“You’re Pregnant. It’s a boy, congratulations!”
When those words were announced my mind exploded. I couldn’t believe what I was hearing. I questioned myself calmly at the corner chair in the doctor’s office, “Is this real, or am I still sleeping?” Then I realized that the result had proved, I was really now a father. I remember sitting in that silent corner thinking nervously about what I was going to have within a couple months. My conscience thought right away this event was going to draw me back from my goals in life. I had everything going good. I was currently holding down a decent job, attending college, and even life was heading in the right direction. I wasn’t angry or disappointed at what I had heard in the doctor’s office, but more scared and nervous then ever of what to do from here on.
Within a month, my family found out the skeleton that I had been hiding in my closet. At first I was afraid that they wouldn’t accept what I’ve done, because I knew I was just a teenager and already trying to bear a child of my own.
But instead, one day my mom confronted me and said “Son everything is going to be alright.”
I replied, “Yeah right”
Then my brothers and sisters told me, “We’re here for ya.”
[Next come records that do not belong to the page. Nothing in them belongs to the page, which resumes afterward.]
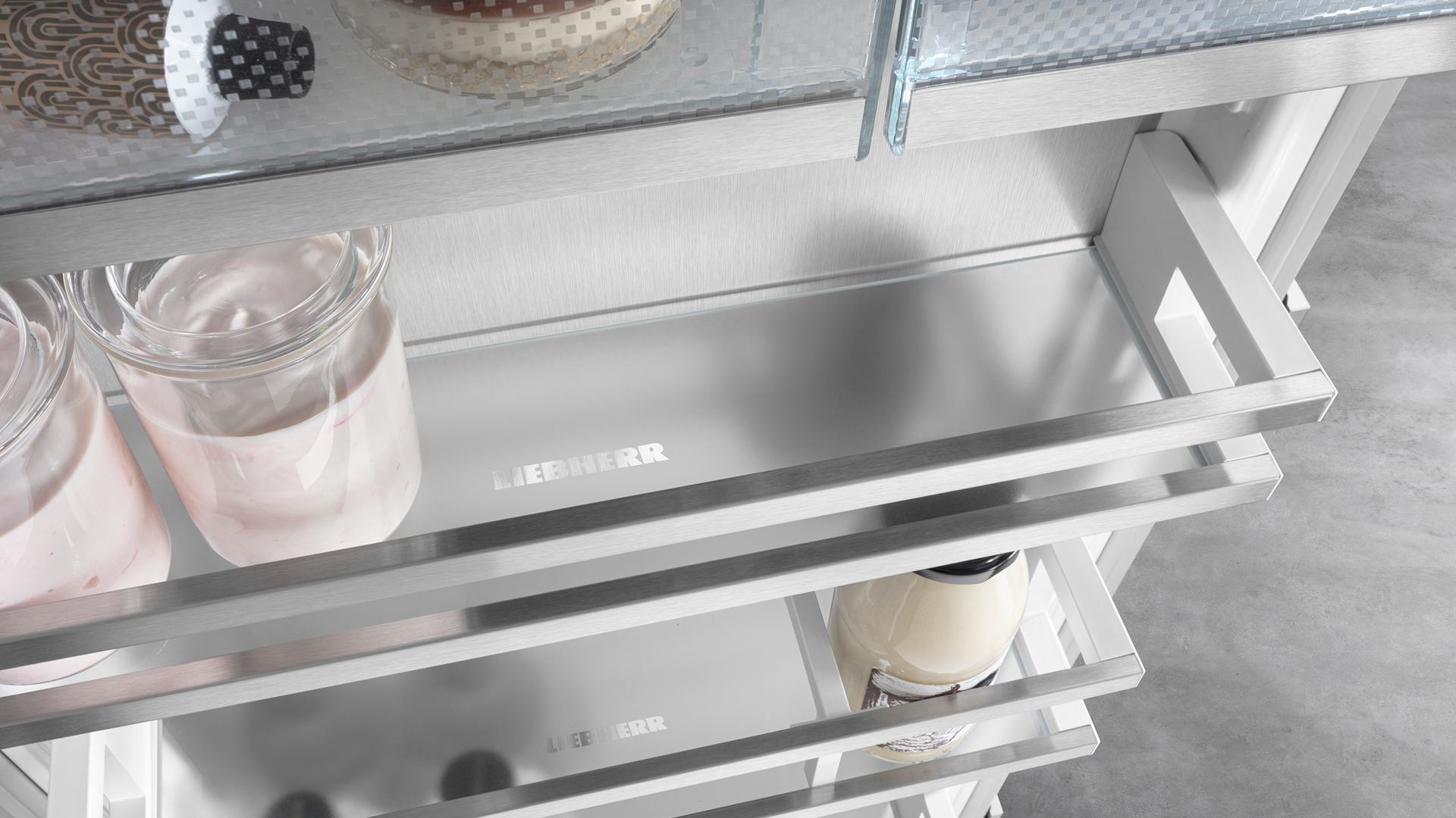 Doriţi să păstraţi proaspete prăjiturile de casă? Sau Pizza preparată, care trebuie introdusă în cuptor mai târziu? Pur şi simplu glisaţi tava dumneavoastră de gătit în aparatul dumneavoastră Liebherr¬– vă oferă mult spaţiu pentru a depozita o tavă de gătit. Deosebit de practic: Puteţi glisa în interior şi exterior tava de gătit la deschiderea uşii de 90°.
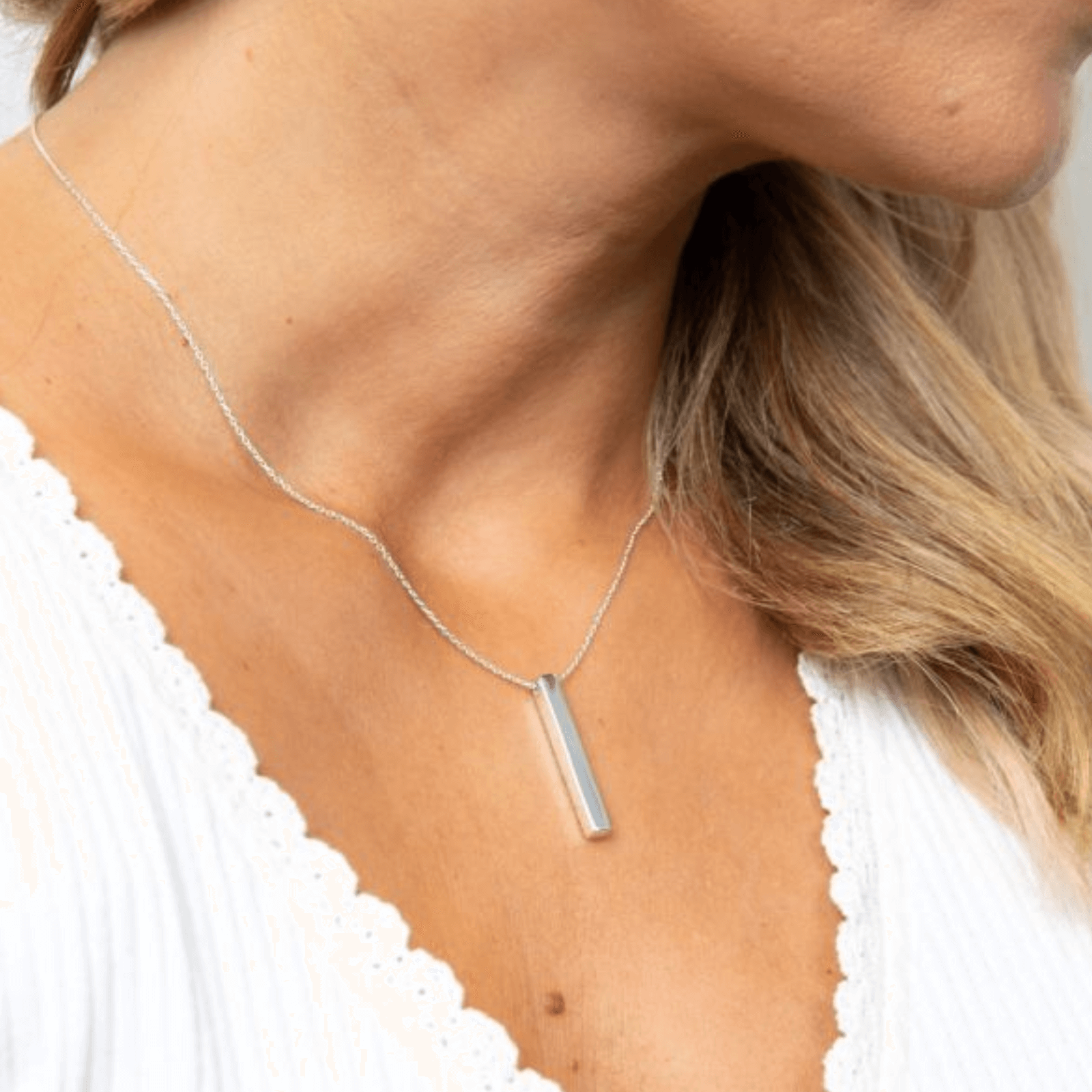 BeJeweled Bespoke Silver Long Bar Drop Pendant & Chain
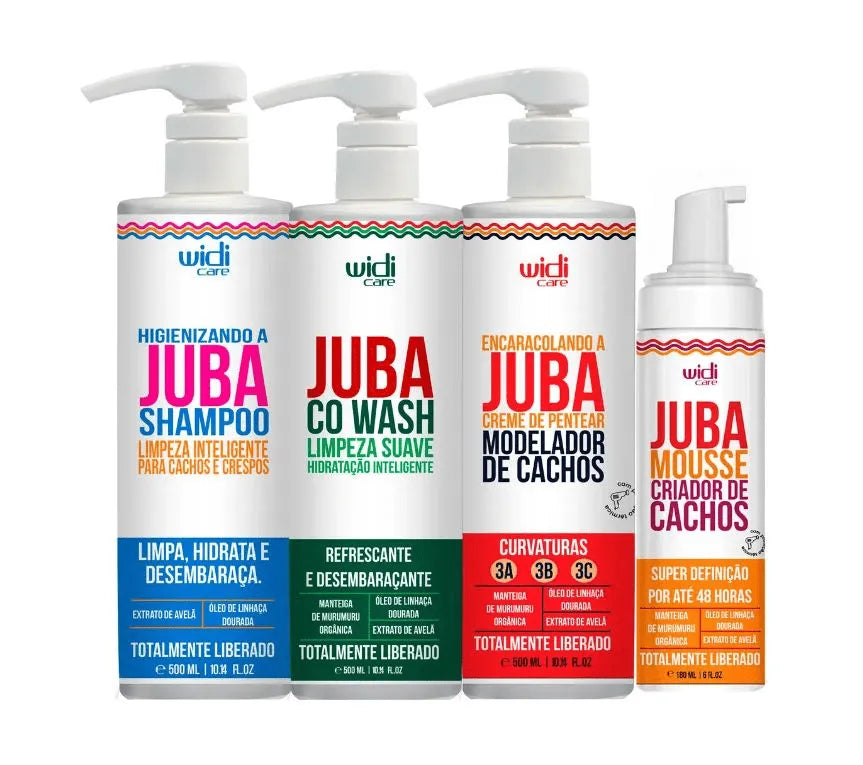 UBA MOUSSE CRIADOR DE CACHOS 180mlJuba, jubinha ou jubão esse incrível produto veio para fazer a sua vida ficar mais simples e sua madeixa mais plena. Já cansou de procurar o produto que vai deixar sua cabeleira super definida e te permitir um incrível day after? JUBA MOUSSE CRIADOR DE CACHOS ajuda a definir e manter os cachos sem frizz durante todo o dia. O mousse condiciona e proporciona uma incrível definição, além de contar com proteção térmica. Cabelos incrivelmente lindos, definidos, macios e sem frizz.GUIA JUBA: Coloque uma pequena quantidade na palma da mão, aplique nos cabelos úmidos friccionando da nuca para frente, raiz às pontas; Modele com difusor ou deixe secar naturalmente. Para um efeito ainda mais definido, seque com difusor de baixo para cima.ATIVOS l FUNÇÕES:Manteiga de Murumuru Orgânica - Promove ação hidratante e restauradora dos fios.Óleo de Linhaça Dourada - Rica em ômega 3 e 6, proporciona condicionamento e brilho acetinado.Extrato de Avelã - Possui ação emoliente, atuando no interior da fibra capilar.ENCARACOLANDO A JUBA CREME DE PENTEAR 500mlCansados dessa história de controle dos cachos, Encaracolando a Juba creme de pentear traz para você que é cacheada e ama sua cabeleira volumosa, a linha Juba que define, nutre e hidrata e empodera suas madeixas com auxílio dos ativos: manteiga de murumuru orgânica, óleo de linhaça dourada e extrato de avelã. Mara, né? Agora solte sua juba, ame seus cachos e sinta-se plena. GUIA JUBA: Com o cabelo úmido, divida-o em mechas finas e inicie o processo pela parte da nunca para ficar mais fácil a aplicação. Coloque uma quantidade suficiente do Encaracolando a Juba Creme de Pentear nas mãos e aplique nos cabelos fazendo fitas (mechas finas). Repita esse processo por todo o cabelo e depois amasse as mechas de baixo para cima para ajudar na definição. Deixei secar naturalmente ou com ajuda de um difusor.Shampoo Juba 500ml: Limpeza inteligente para cachos e cresposO Higienizador a Juba é um shampoo com tecnologia única, afinal ele tem o poder de limpar, fazer espuma e não embolar. O único shampoo que foi feito pensando especialmente nas curvaturas. Com sua espuma super cremosa, você já sente sua Juba hidratada e nutrida desde a primeira aplicação.Guia Juba de uso: Aplique sobre os cabelos molhados, massageando o couro cabeludo e friccione para fazer a espuma hidratante. Deixe agir enquanto espalha a espuma por todo o comprimento do cabelo. Enxágue bem, retirando todo o produtoCo-wash Juba 500ml: Limpeza suave e hidratação inteligente.JUBA CO WASH é um creme de limpeza leve, feito especialmente para deixar o cabelo mais emoliente e solto. Seu maior benefício é o poder de condicionar enquanto limpa. Possui ativos 100% vegetais e higieniza os fios preservando a oleosidade natural, tornando sua cabeleira mais macia e bonita.Este kit contém:01 HIGIENIZANDO A JUBA 500g01 JUBA MOUSSE CRIADOR DE CACHOS 180ml01 ENCARACOLANDO A JUBA CREME DE PENTEAR 500ml01 CO WASH JUBA 500g
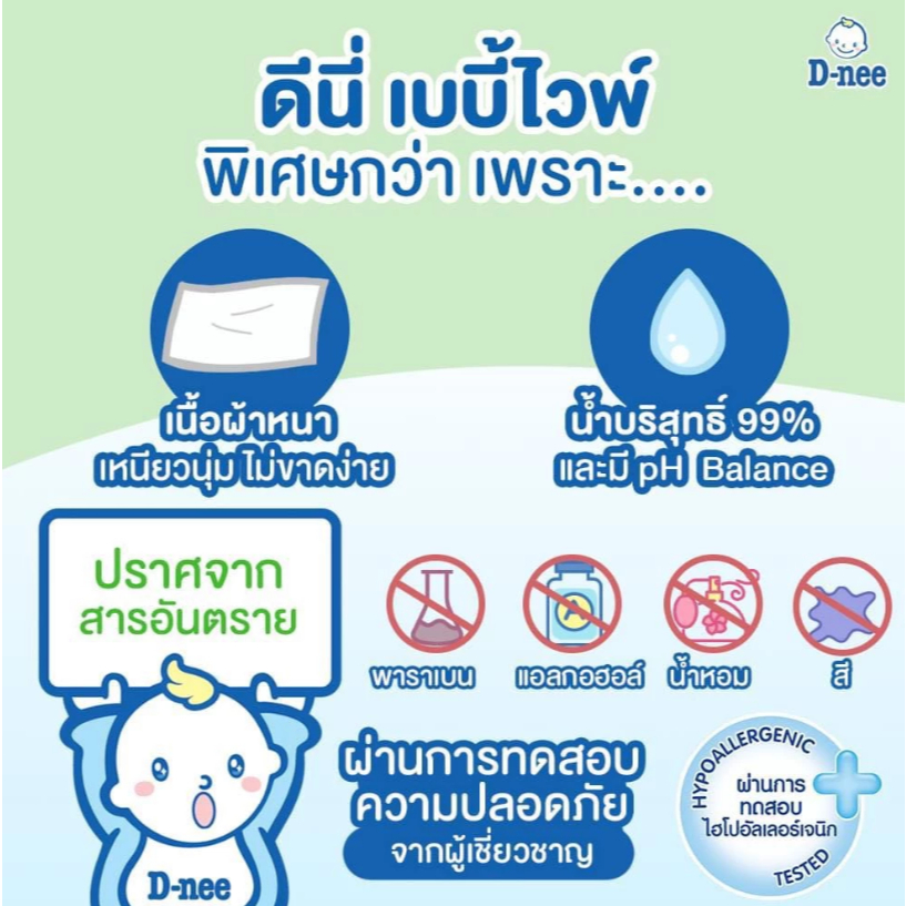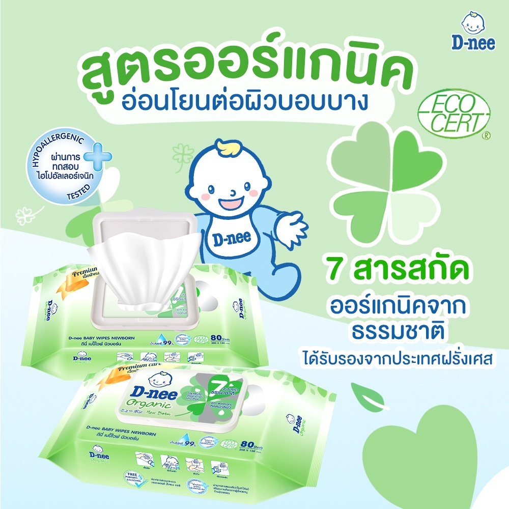 D-nee BABY WIPE NEWBORN ORGANIC ผ้าเช็ดทำความสะอาด สูตรออร์แกนิค สีเขียว (80 แผ่น)
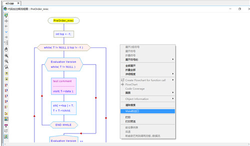 4、在这里您可以为流程图添加文字注释,点击相应的框可以看到流程图与源代码的对应关系
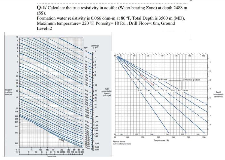 Q1/ Calculate the true resistivity in aquifer (Water

I answered in return, “Yea I know.”
That was when I thought to myself that it was easy for everybody to say, everything was going to be alright, but in the back of my mind, it wasn’t true.
I just kept thinking, “Let me see you guys have a child as a teenager.”
For months I was terrified. My lady and I went through the whole pregnancy by faith. We didn’t have any experience of taking care of a child and worse of all we didn’t know how to be parents. Abortion came to mind, but my heart wouldn’t let me go through with it because I couldn’t kill what I’ve created; that would have been murder in my eyes.
Then my son, Jaden was born. We were struggling on getting things together, such as buying baby needs: diapers, wipes and formula. But we made it through. It was then when it finally hit me that having a child wasn’t as bad as I had imagined. Jaden had changed my opinion on the perspective of being a teenage parent. I now know that teenagers could be as good of parents as mature adults; it just takes time, patience and sacrifices. Jaden is now two months old. He is active and healthy just like as if he was born into the hands of mature parents who knew exactly what they were going to expect.
People often criticize, “It’s impossible to be successful and bear a child at the same time.” I now know that it isn’t impossible. I believe that being a teenage parent doesn’t mean you can’t be successful.